• [WORK REQUIRED]: The records below must be output exactly, with no images carried over.

• [RECORDS]:
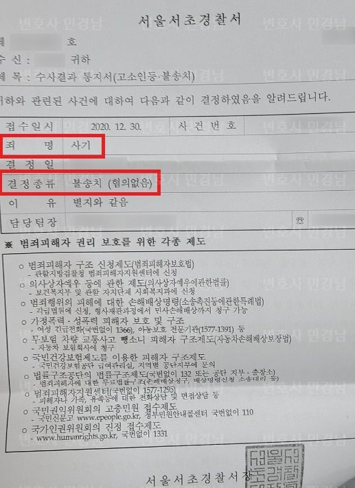 본 변호인의 위와 같은 주장으로 수사기관을 설득시킬 수 있었고, 조기에 불송치 결정으로 사건을 종결할 수 있었습니다. 이 사건과 같이 동업을 하는 경우 아무리 신뢰관계에 있다고 하더라도 변호사의 조력을 받아 계약서를 분명히 하는 것이 좋겠고, 문제가 되는 경우 전문성과 경험이 있는 변호사를 신속하게 찾아 도움을 받는 것이 매우 중요하다고 하겠습니다.
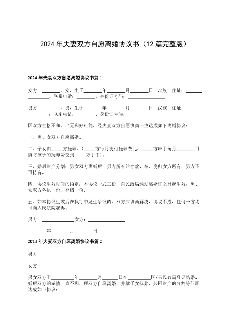 乙方(女方):__________________,女,______年______月______日出生,______族,住__________________,身份证号:__________________
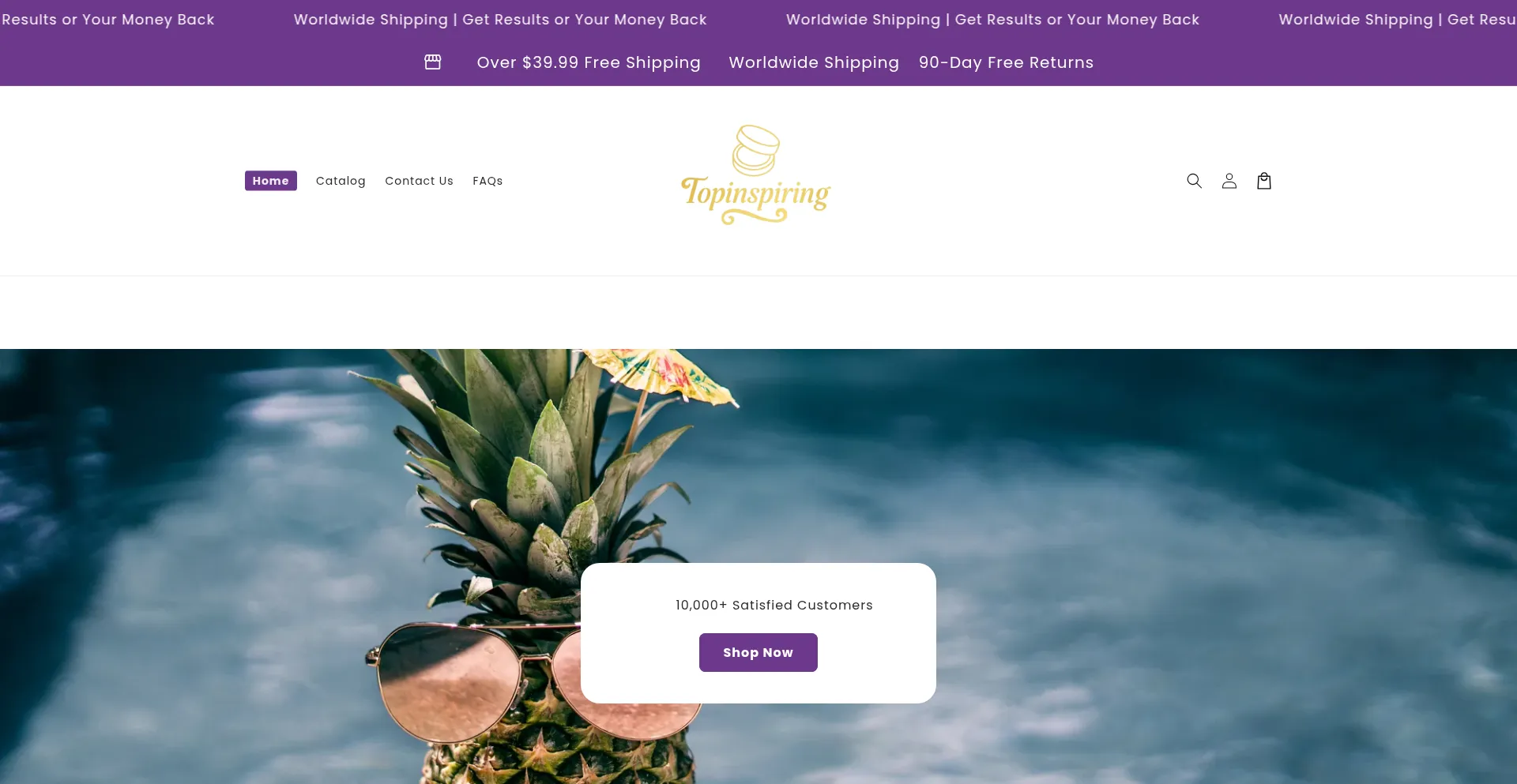 Analysis indicates that topinspiring.com operates as an e-commerce platform facilitating online transactions for goods or services. The website implements shopping cart functionality, payment processing systems, and product catalog features typical of commercial retail operations.
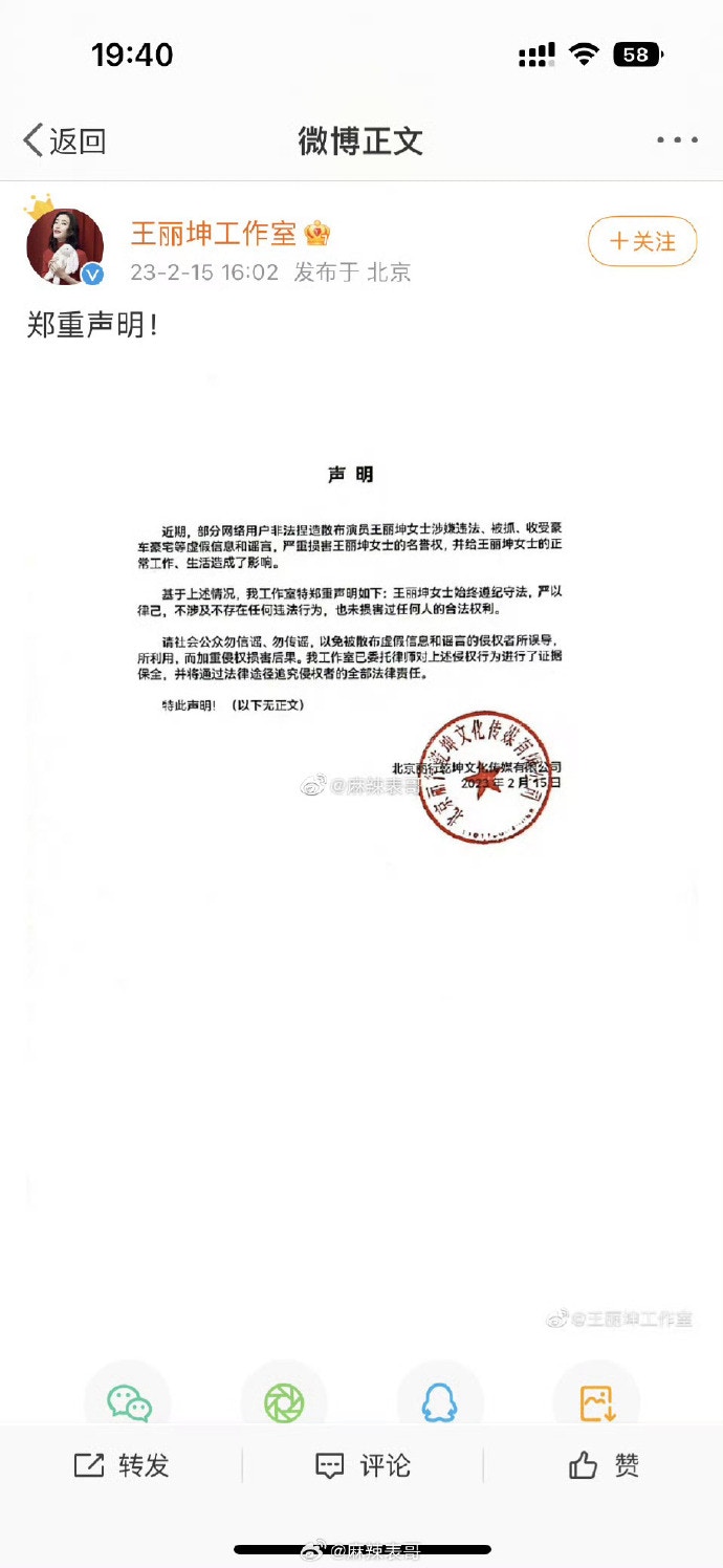 至于王丽坤方面,去年,有报道指王丽坤正与詹某某办理离婚手续,王丽坤所属工作室亦曾发声明,否认王丽坤涉及犯罪,“王丽坤女士始终遵纪守法,严以律己,不涉及不存在任何违法行为,也未损害过任何人的合法权利。”
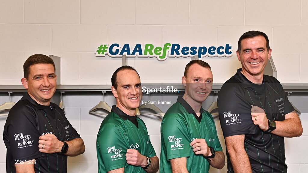 13 October 2022; In attendance during the GAA Referees Respect Day at Croke Park in Dublin are referees, from left, Colm Lyons, David Coldrick Sean Hurson and Thomas Gleeson. Photo by Sam Barnes/Sportsfile
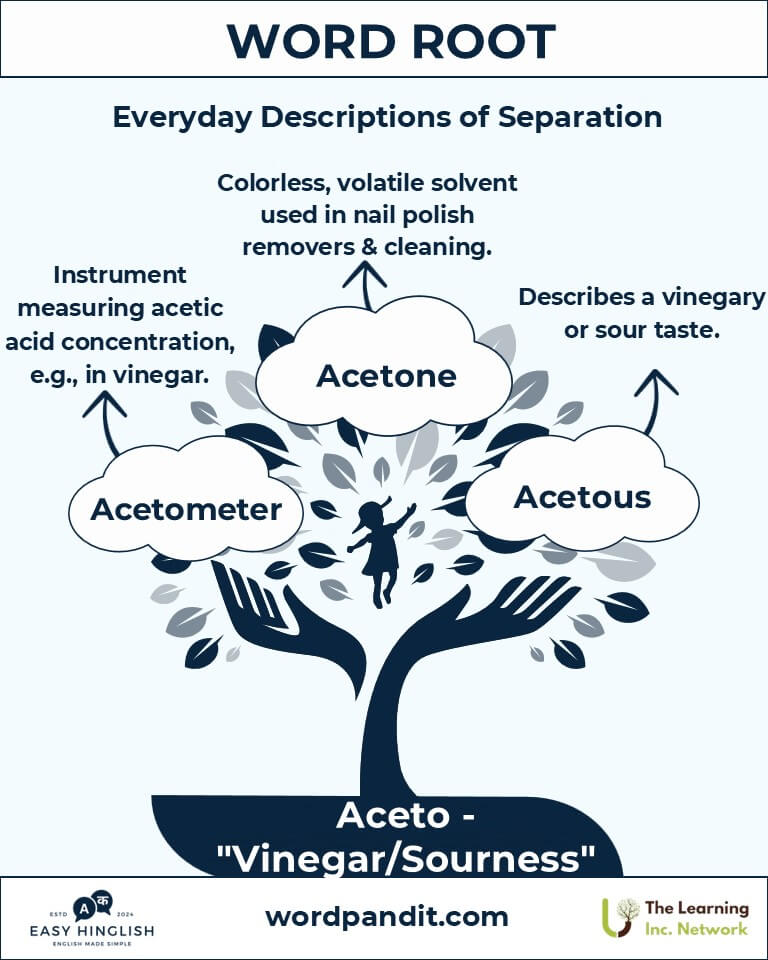 A: "Aceto" ka root Latin word acetum se aaya hai, jiska matlab hai "vinegar" ya "sour" (खट्टा). Yeh root commonly un cheezon ya processes ko refer karta hai jo acetic acid, sourness, aur fermentation se judi hoti hain.
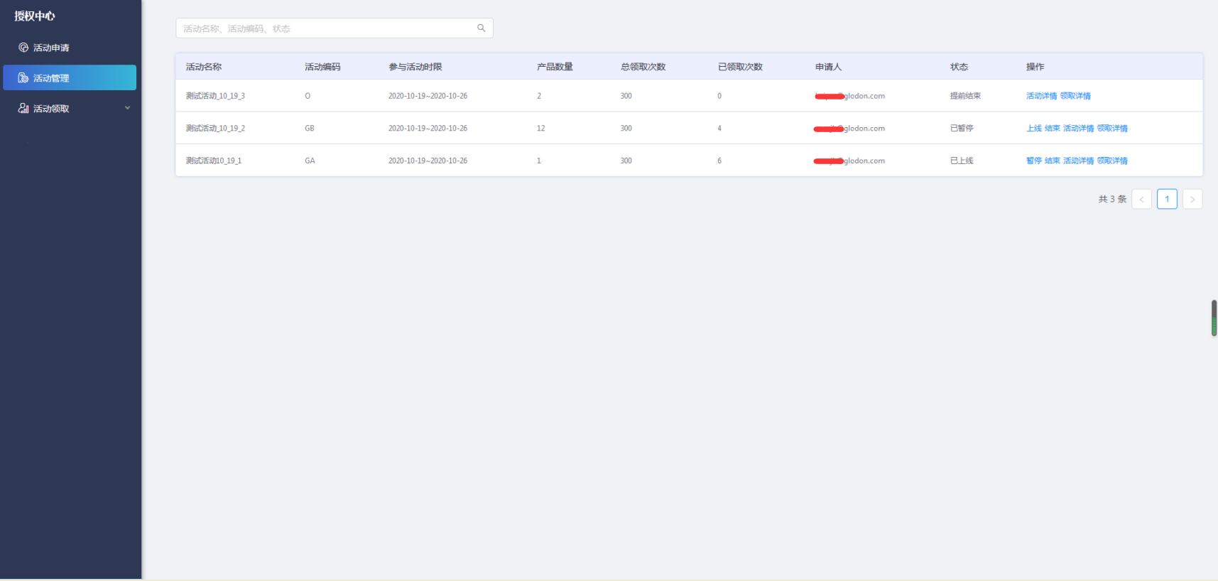 产品运营人员登录AECORE,打开授权中心服务,选择“活动管理”标签页,可以对自己申请的活动进行状态管理,查询活动详情和领取详情。
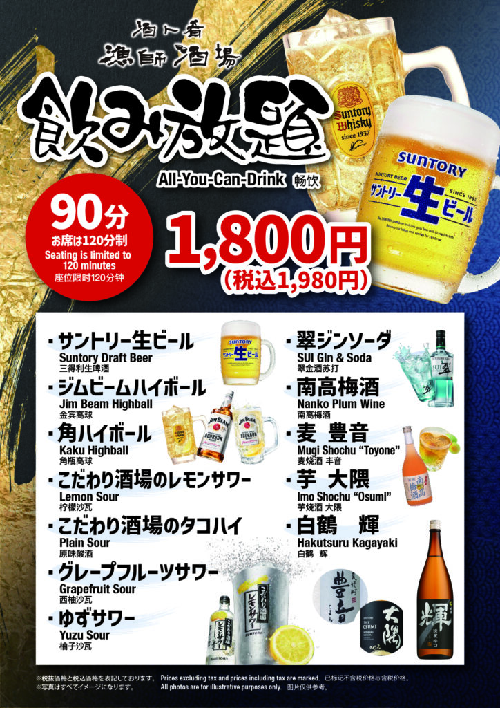 **飲み放題【90分】1,980円(税込)**をスタートします🍻
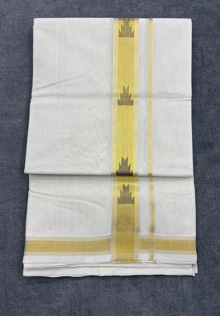 PURE UNAKUPAVU BALARAMAPURAM, KERALA HANDLOOM KASAVU mundu Pure handloom Kasavu mundu crafted in a classic off-white base, highlighted with a striking black temple design border that adds a bold and traditional contrast. Woven with fine cotton and finished with elegant kasavu detailing, this mundu reflects authentic Kerala handloom craftsmanship, making it ideal for temple wear, festive occasions, and traditional ceremonies.
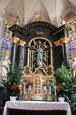 Der Hauptaltar, die Freskenmalerei sowie die Kreuzwegtafeln sind mit slowenischen Inschriften versehen und geben so Zeugnis der Sprach- und Kulturgeschichte dieses Zentralortes am östlichen Rand des Klagenfurter Feldes ab. Am Friedhof finden sich allerdings nur noch wenige Grabsteine mit slowenischen Inschriften.[4][5][6][7][8]
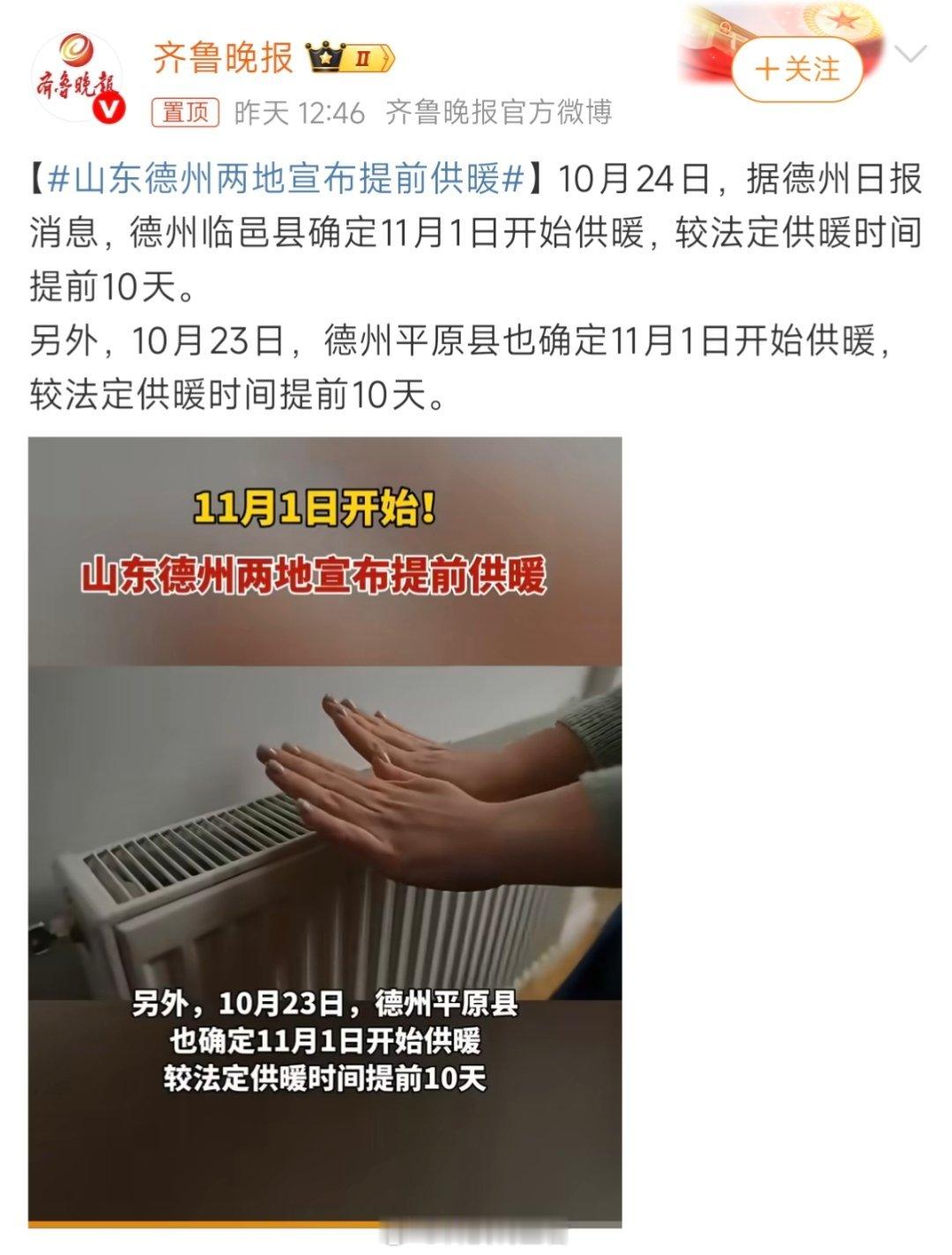 山东德州两地宣布提前供暖啊啊啊,老家的朋友真开心,可惜我大宁津还没有,过几天回老家希望暖气安排上~
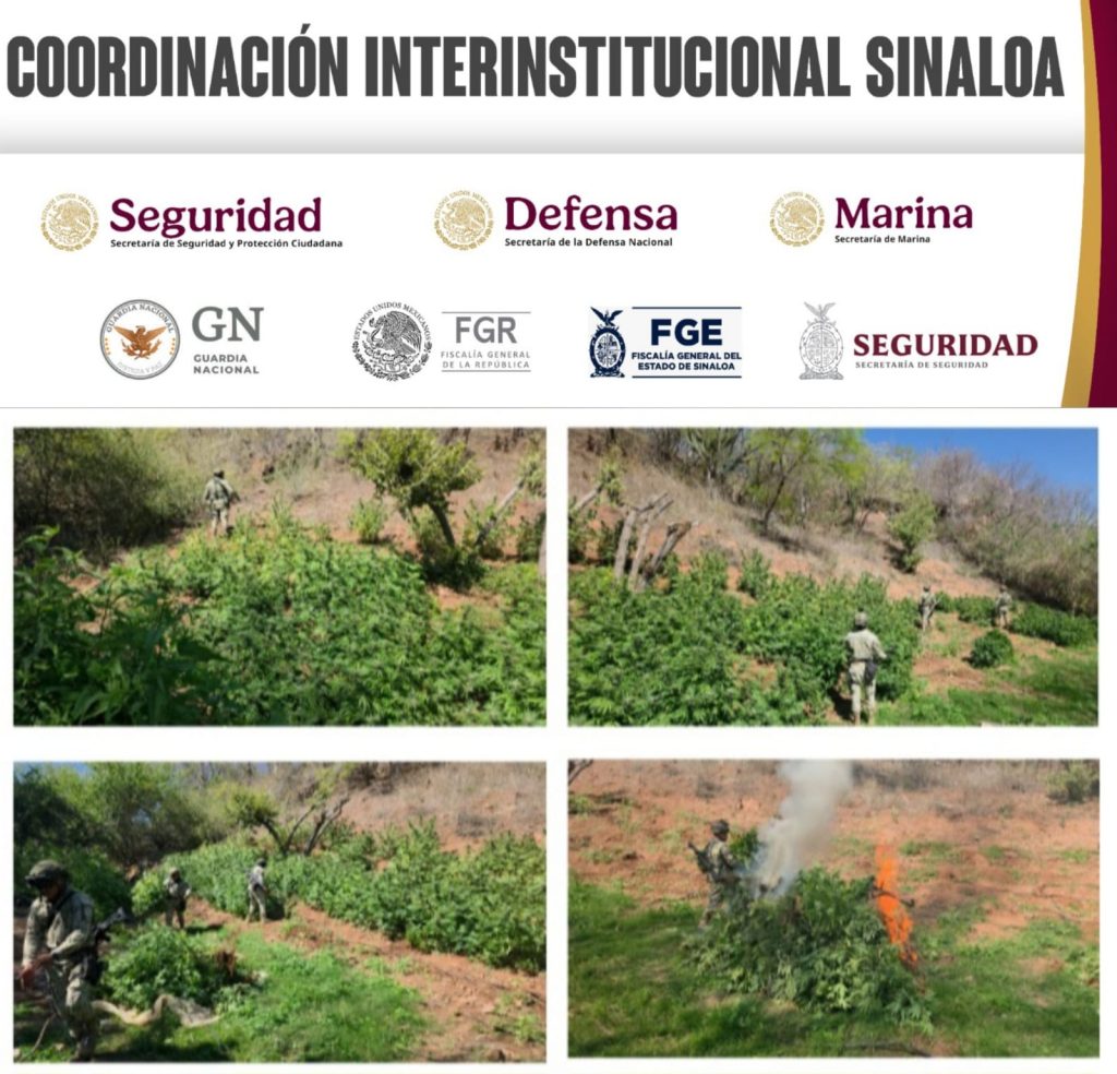 BADIRAGUATO, SINALOA.- Elementos del Ejército Mexicano, en coordinación con la Guardia Nacional, la Secretaría de Marina, la Secretaría de Seguridad y Protección Ciudadana, la Fiscalía General de la República, la Fiscalía General del Estado y la Secretaría de Seguridad Pública de Sinaloa, a través de la Policía Estatal Preventiva, ubicaron tres plantíos de marihuana en el municipio de Badiraguato.
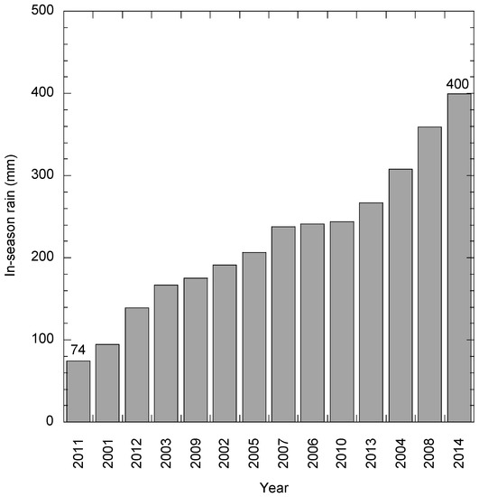 The total rain at Lubbock, Texas during the 150-day interval between 15 May and 12 October for the 14-year period, 2001 to 2014. Data from historic weather at the study site.

• [SOLUTION TO THIS EXERCISE]:
 본 변호인의 위와 같은 주장으로 수사기관을 설득시킬 수 있었고, 조기에 불송치 결정으로 사건을 종결할 수 있었습니다. 이 사건과 같이 동업을 하는 경우 아무리 신뢰관계에 있다고 하더라도 변호사의 조력을 받아 계약서를 분명히 하는 것이 좋겠고, 문제가 되는 경우 전문성과 경험이 있는 변호사를 신속하게 찾아 도움을 받는 것이 매우 중요하다고 하겠습니다.
 乙方(女方):__________________,女,______年______月______日出生,______族,住__________________,身份证号:__________________
 Analysis indicates that topinspiring.com operates as an e-commerce platform facilitating online transactions for goods or services. The website implements shopping cart functionality, payment processing systems, and product catalog features typical of commercial retail operations.
 至于王丽坤方面,去年,有报道指王丽坤正与詹某某办理离婚手续,王丽坤所属工作室亦曾发声明,否认王丽坤涉及犯罪,“王丽坤女士始终遵纪守法,严以律己,不涉及不存在任何违法行为,也未损害过任何人的合法权利。”
 13 October 2022; In attendance during the GAA Referees Respect Day at Croke Park in Dublin are referees, from left, Colm Lyons, David Coldrick Sean Hurson and Thomas Gleeson. Photo by Sam Barnes/Sportsfile
 A: "Aceto" ka root Latin word acetum se aaya hai, jiska matlab hai "vinegar" ya "sour" (खट्टा). Yeh root commonly un cheezon ya processes ko refer karta hai jo acetic acid, sourness, aur fermentation se judi hoti hain.
 产品运营人员登录AECORE,打开授权中心服务,选择“活动管理”标签页,可以对自己申请的活动进行状态管理,查询活动详情和领取详情。
 **飲み放題【90分】1,980円(税込)**をスタートします🍻
 PURE UNAKUPAVU BALARAMAPURAM, KERALA HANDLOOM KASAVU mundu Pure handloom Kasavu mundu crafted in a classic off-white base, highlighted with a striking black temple design border that adds a bold and traditional contrast. Woven with fine cotton and finished with elegant kasavu detailing, this mundu reflects authentic Kerala handloom craftsmanship, making it ideal for temple wear, festive occasions, and traditional ceremonies.
 Der Hauptaltar, die Freskenmalerei sowie die Kreuzwegtafeln sind mit slowenischen Inschriften versehen und geben so Zeugnis der Sprach- und Kulturgeschichte dieses Zentralortes am östlichen Rand des Klagenfurter Feldes ab. Am Friedhof finden sich allerdings nur noch wenige Grabsteine mit slowenischen Inschriften.[4][5][6][7][8]
 山东德州两地宣布提前供暖啊啊啊,老家的朋友真开心,可惜我大宁津还没有,过几天回老家希望暖气安排上~
 BADIRAGUATO, SINALOA.- Elementos del Ejército Mexicano, en coordinación con la Guardia Nacional, la Secretaría de Marina, la Secretaría de Seguridad y Protección Ciudadana, la Fiscalía General de la República, la Fiscalía General del Estado y la Secretaría de Seguridad Pública de Sinaloa, a través de la Policía Estatal Preventiva, ubicaron tres plantíos de marihuana en el municipio de Badiraguato.
 The total rain at Lubbock, Texas during the 150-day interval between 15 May and 12 October for the 14-year period, 2001 to 2014. Data from historic weather at the study site.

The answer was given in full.